As part of the certification of the chief
executive (mandated by SA-2) and the facility head (proposed by SPR for SA-3), these
officials should be required to attest to the
availability of external oversight, including specifying how inmates can provide
confidential complaints to outside entities
and how these independent bodies can raise
concerns with the corrections administration.
B. Prevention Planning
SPR commends the NPREC for establishing
firm requirements for sight and sound supervision of all inmates, especially of those who
have been identified as vulnerable to sexual
abuse. Compliance checklist 5, for standard
PP-2, is particularly strong and illustrates the
NPREC’s recognition of the extreme dangers
facing certain detainees based on known risk
factors, such as sexual orientation, gender
identity, disability, and youth.
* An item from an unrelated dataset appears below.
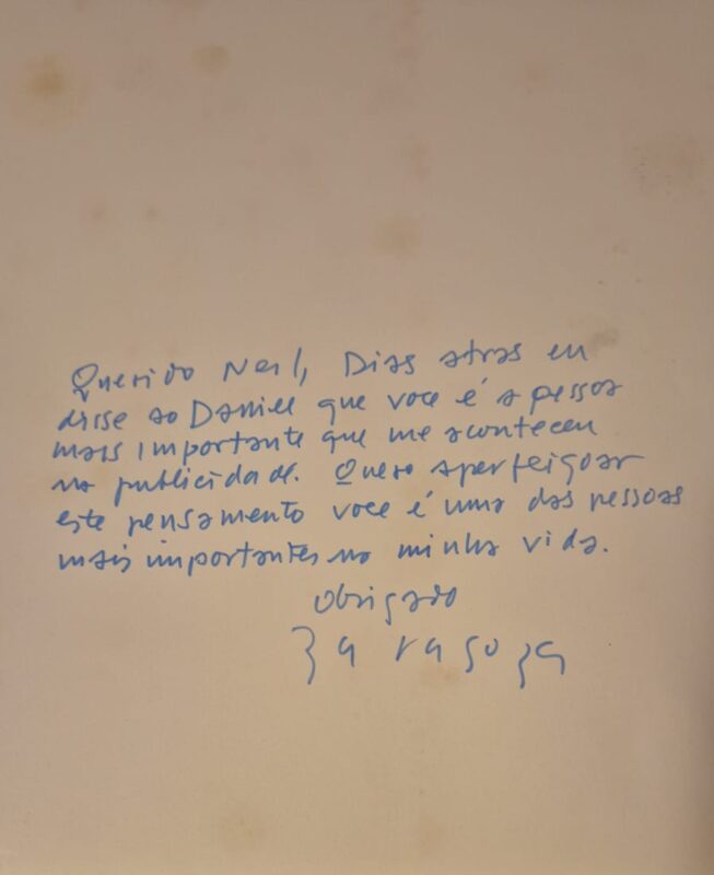 E assim foi. No dia da filmagem, tinha oito mictórios e sete homens, todos altos. Havia um mictório vazio e não tinha ninguém que tivesse à altura dos outros. Tinha somente um baixinho, motorista de uma Kombi da produtora, que estava prestes a voltar para a Espanha. Mandaram-no ocupar o mictório vazio e foi hilariante ver todo mundo com mais de 1,80m e um baixinho de 1,50m. O Cláudio Meyer, vendo a diferença, mandou o baixinho sair, mas o Neil falou alto: “Não! Deixa ele aí.” E eu havia implicado com a boina que ele usava e mandei tirá-la. Quando ele tirou, revelou-se sua careca. Aí, eu disse: “Põe de volta a boina!” E assim nasceu o “Baixinho”, com sua boina e sua sorte. “Banheiro” Leão de Ouro. É considerado pelos ingleses o melhor comercial dos últimos 50 anos

Unfortunately,
the draft standards do not spell out how to
handle predatory inmates.
• In order for prevention planning efforts to
be successful, the NPREC should develop
a standard and compliance checklist for
the identification and housing of predatory
inmates.
Corrections staff are the ultimate enforcers
of human rights in detention and, as such,
must adhere to the highest possible professional and ethical standards. Hiring decisions
must be based on a thorough review of an
applicant’s background. The draft standard for
staff qualifications (PP-5) screens for egregious
concerns, such as criminal history, history
of engaging in sexual abuse, and other prior
conduct suggesting a likelihood of engaging
in abuse, but SPR urges the NPREC to make
this standard broader.
• Corrections systems should be required to
examine an applicant’s employment history.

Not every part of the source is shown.